Há alternativas à Europa neoliberal


Os preparativos da cimeira de Amsterdão devem ter começado bem cedo. Afinal, tratava-se de montar um dispositivo de segurança, que envolveu mais de 5 mil agentes, para assegurar a integridade dos bem-amados dirigentes governamentais dos 15 países da União Europeia (de alguma coisa terão medo...). Numa cidade como Amsterdão, pouco habituada a estes folclores, a coisa deu nas vistas. Mais estranharam ainda os holandeses que, habituados desde sempre a ver a sua rainha passear pelas ruas da cidade acompanhada apenas por alguns seguranças, tinham agora zonas da cidade completamente isoladas, com a circulação por ruas e canais cortada...


A montagem do "arraial" intensificou-se nos últimos dias, com as patrulhas policiais a saírem à rua e as cabeças pensantes europeias a ultimarem as rezas para que tudo corresse bem e não houvesse problemas com o Pacto de Estabilidade.

Amsterdão foi o primeiro Conselho europeu cuja realização provocou uma forte contestação popular, cujos preparativos também começaram com dias, senão semanas e meses, de antecedência. Pela primeira vez uma cimeira deste tipo decorreu sob a pressão popular.

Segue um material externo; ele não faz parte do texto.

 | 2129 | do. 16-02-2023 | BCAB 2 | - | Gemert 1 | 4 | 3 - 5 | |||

A marcha contra o desemprego, a precariedade e a exclusão, iniciada há várias semanas em diversos pontos da Europa, afluiu a Amsterdão, para coincidir com a cimeira. Mais de 50 mil pessoas desfilaram pelas ruas da cidade, com palavras de ordem contra o desemprego e a moeda única pronunciadas nas mais diversas línguas. De Espanha, França, Bélgica, Noruega, Finlândia, Grécia, Dinamarca, de quase todos os cantos da Europa os caminhos conduziram à capital holandesa. Portugal também contava com manifestantes, na sua maioria militantes do PCP emigrados na Holanda.

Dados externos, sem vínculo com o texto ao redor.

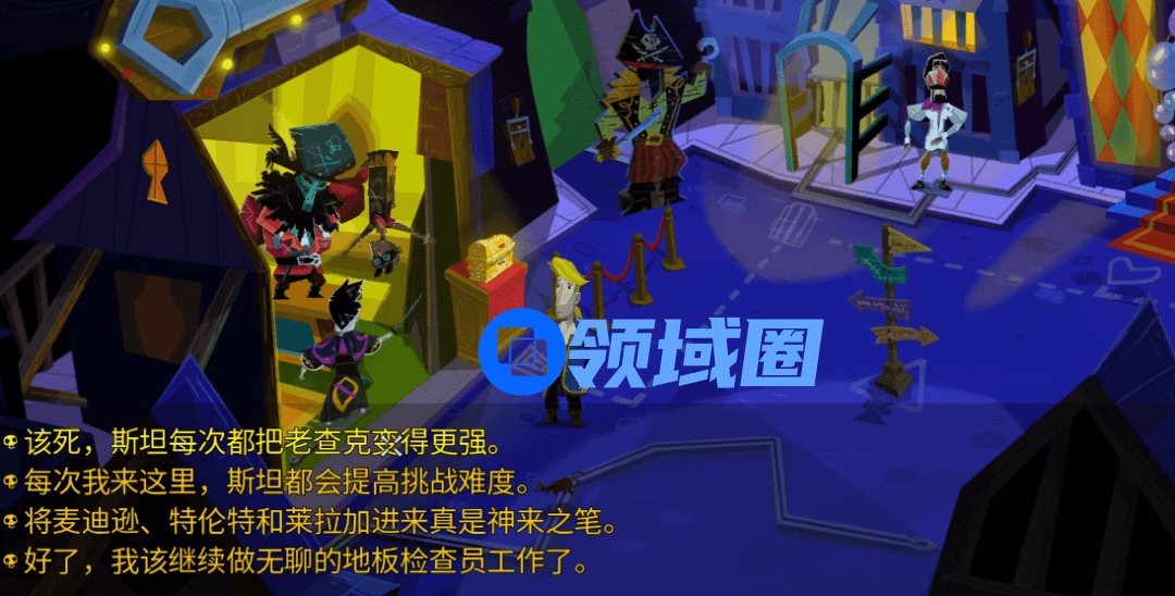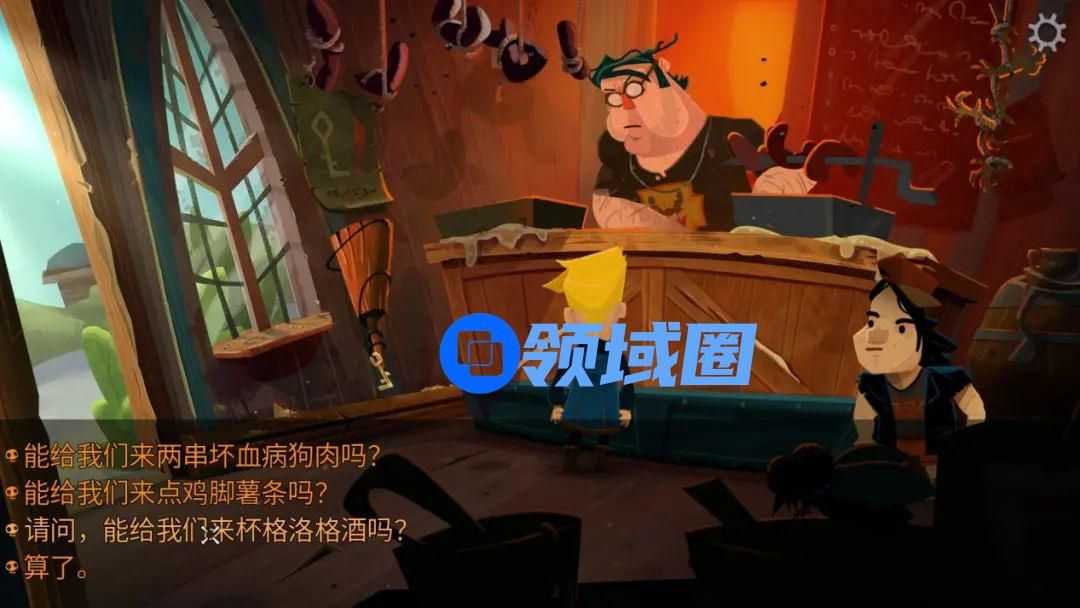 是不是听上去头皮发麻?可以说《重返猴岛》保持了老派游戏的硬核魅力,我经常会遇到卡在某个谜题上而无所适从,并不是我不会去解这道谜题,而是因为没有通过探索去触发这道谜题的答案。这样过于“老道”的解密玩法能够在玩家突破某项谜题时给与巨大的成就感,也会让不少萌新玩家随之被劝退。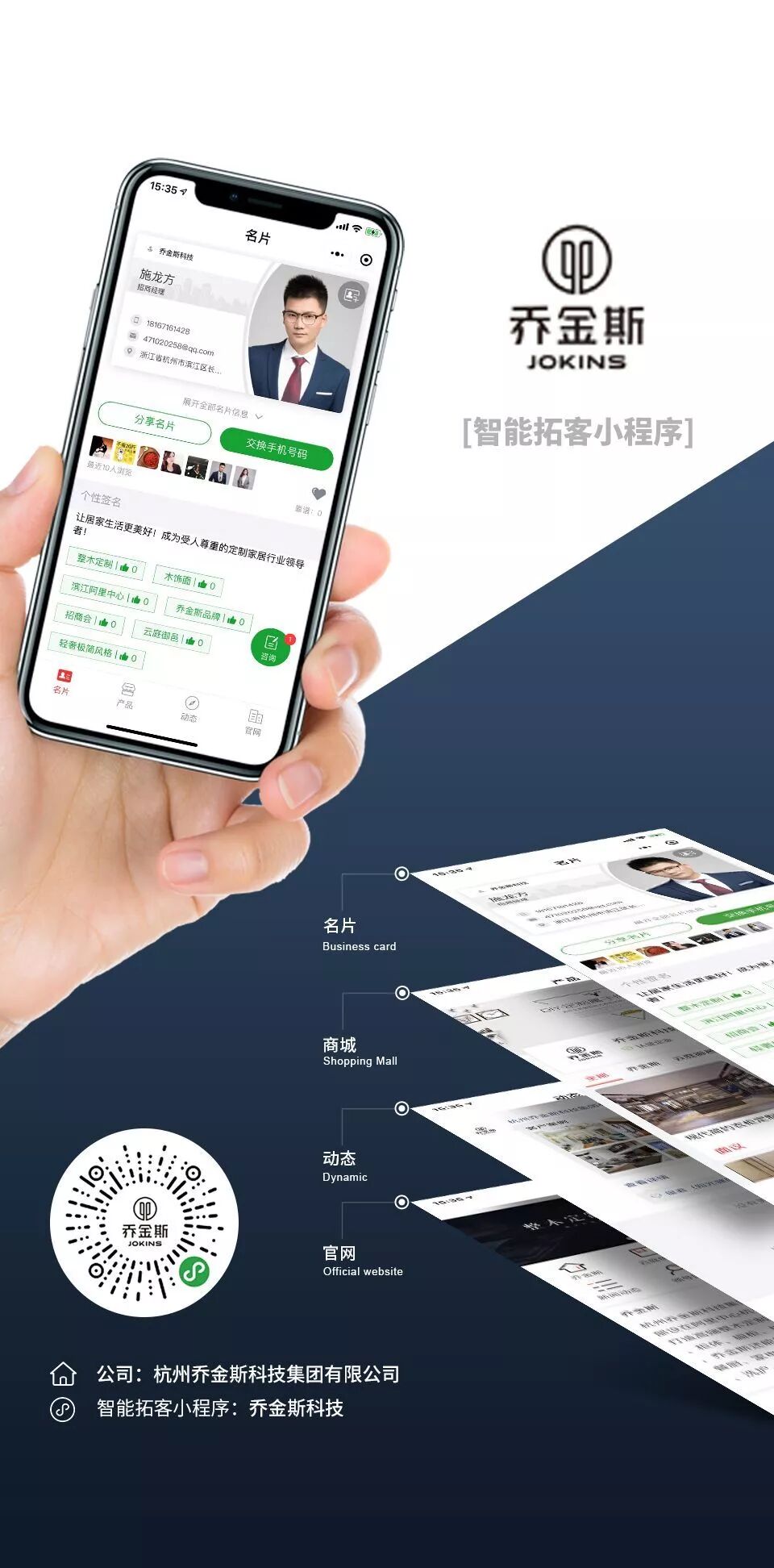 恭喜【杭州乔金斯科技集团有限公司】开通智能拓客小程序,利用个人名片、商城、官网、动态等实现微信拓客、跟踪、管理!

Assim, nos dias que antecederam a cimeira, Amsterdão fervilhou de iniciativas, quase todas organizadas à escala europeia, de diversos sectores da sociedade que aproveitaram o momento para fazer ouvir mais alto as suas vozes. Se a montanha, leia-se os governos europeus, quer continuar a tomar decisões à revelia dos povos, então os povos vão atrás da montanha para que ela os ouça.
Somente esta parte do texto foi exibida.